Em causa está a descida de 8,7% da criminalidade grave e violenta, referida no relatório (RASI 2017). Diz a juíza do Tribunal da Relação de Guimarães que destes dados foram excluídos, nomeadamente, os assaltos às máquinas multibanco, que registaram um aumento de 76% no último ano.
Maria Matos considera, por isso, que “esses assaltos foram classificados como criminalidade geral, para que fossem obtidas estatísticas mais favoráveis”.
A secretária-geral do Sistema de Segurança Interna, Helena Fazenda, que elaborou o relatório, nega qualquer manipulação de dados, que diz serem fornecidos por entidades certificadas e “seguirem critérios internacionais de classificação”.
Helena Fazenda argumenta mesmo que “não seria um conjunto de 230 assaltos a caixas multibanco que iria pôr em causa a descida registada na criminalidade grave, em 2017”.
A juíza desembargadora de Guimarães contra-argumenta, defendendo que “a tipologia usada não espelha a realidade”, pois “trata-se de um tipo de criminalidade que causa grande alarme social, utiliza meios explosivos e funciona normalmente em associação criminosa”.
“Estamos, portanto, perante criminalidade grave ou mesmo muito grave”, defende Maria Matos.
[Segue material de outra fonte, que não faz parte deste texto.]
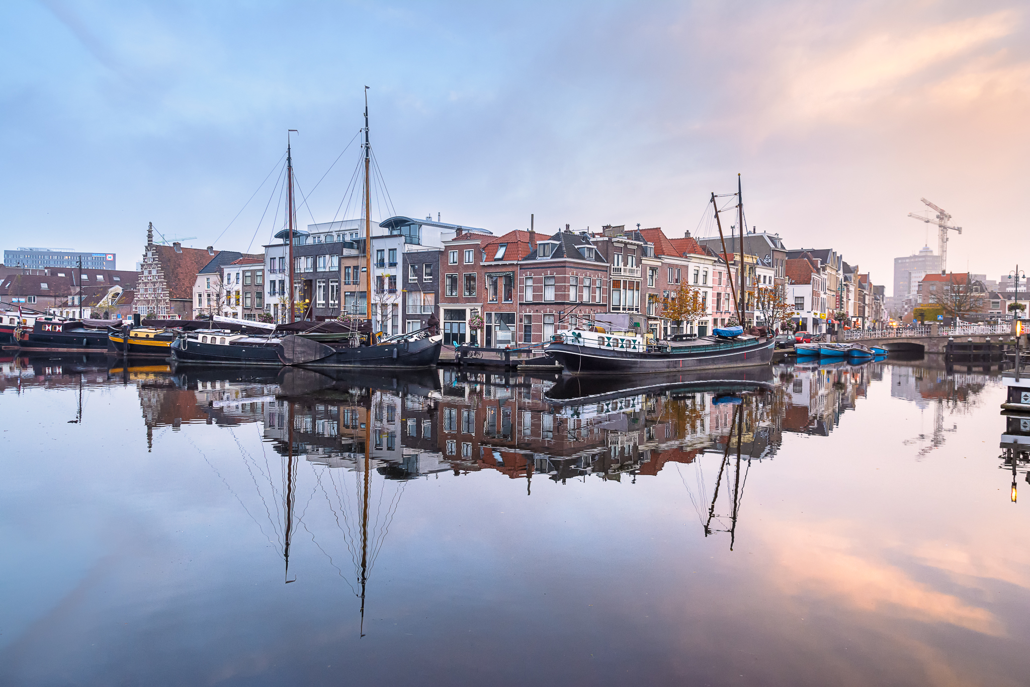 The awakening of the City of Leiden with a morning view over the beautiful Galgewater.

O Relatório Anual de Segurança Interna 2017 revela uma descida da criminalidade comparando com a registada em 2016. E, ao contrário do que aconteceu nesse ano, não houve uma descida da criminalidade geral – mas antes uma subida, ainda que ligeira.
Um dos países mais seguros do mundo?
A secretária-geral do Sistema de Segurança Interna desvaloriza a comparação entre os dois últimos anos e defende que “o decréscimo de mais de 8% da criminalidade grave, embora sendo menor do que o registado em 2016, é muito importante para o turismo e para a perceção dos portugueses”.
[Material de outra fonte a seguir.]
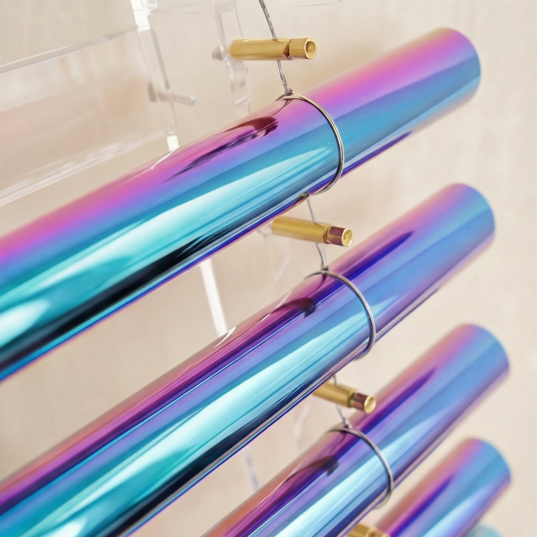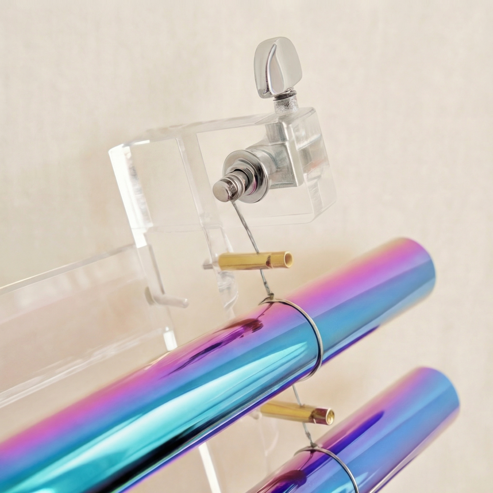 Crafted from 99.99% pure quartz crystal, each tube is tuned to a specific musical note aligned with the C major scale and the seven chakras.

Helena Fazenda diz que Portugal “está entre os países mais seguros do mundo, lembrando que um relatório recente colocava o nosso país como o terceiro mais seguro do mundo, atrás da Islândia e da Nova Zelândia.
António Nunes, presidente do Observatório de Segurança, Criminalidade Organizada e Terrorismo (OSCOT), coincide na avaliação de que Portugal é um país seguro. Mas defende que “é preciso estudar melhor a realidade portuguesa”, porque o retrato feito pelo relatório anual de segurança “não é completo”, dado que “só regista a criminalidade participada”.
O presidente do OSCOT defende, por isso, “a realização de inquéritos de vitimação” – uma opinião partilhada por Frederico Marques, dirigente da Associação de Apoio à Vítima, para quem é preciso “seguir o exemplo de outros países europeus e perguntar às pessoas se foram vítimas de crime, se participaram o crime e, se não o fizeram, qual foi a razão”.
Helena Fazenda, secretária-geral do Sistema de Segurança Interna, concorda com a necessidade desses estudos, mas explica que “ainda não se avançou, por falta de recursos”.
António Nunes, Frederico Marques, Helena Fazenda e Maria Matos foram os convidados deste sábado do programa Em Nome da Lei, que debateu o Relatório Anual de Segurança Interno 2017.